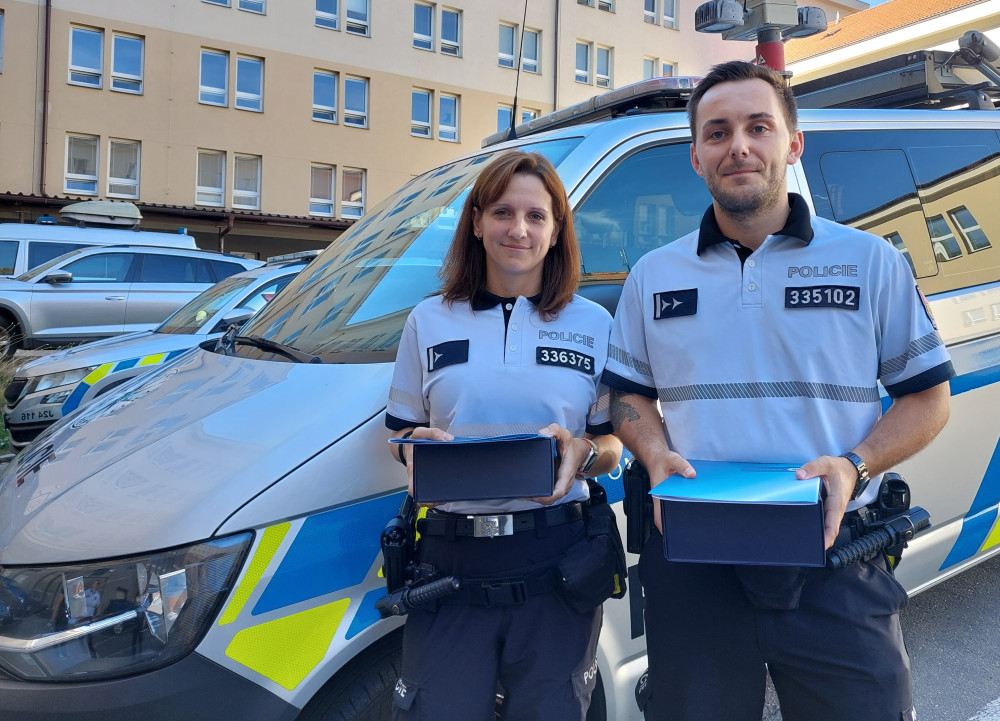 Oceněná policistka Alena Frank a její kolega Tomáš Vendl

...

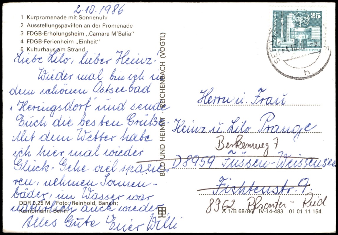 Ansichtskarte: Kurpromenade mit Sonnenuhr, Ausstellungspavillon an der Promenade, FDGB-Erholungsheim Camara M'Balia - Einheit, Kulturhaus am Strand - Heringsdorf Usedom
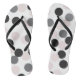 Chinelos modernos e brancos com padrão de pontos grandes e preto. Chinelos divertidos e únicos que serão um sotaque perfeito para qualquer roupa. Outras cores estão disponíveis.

» **Task description**
Only the lines above starting with the line with "Ansichtskarte: Kurpromenade mit" and going on through the line with "Chinelos modernos e" belong in the answer; repeat them exactly, minus any picture.

» **Task response**
 Ansichtskarte: Kurpromenade mit Sonnenuhr, Ausstellungspavillon an der Promenade, FDGB-Erholungsheim Camara M'Balia - Einheit, Kulturhaus am Strand - Heringsdorf Usedom
 Chinelos modernos e brancos com padrão de pontos grandes e preto. Chinelos divertidos e únicos que serão um sotaque perfeito para qualquer roupa. Outras cores estão disponíveis.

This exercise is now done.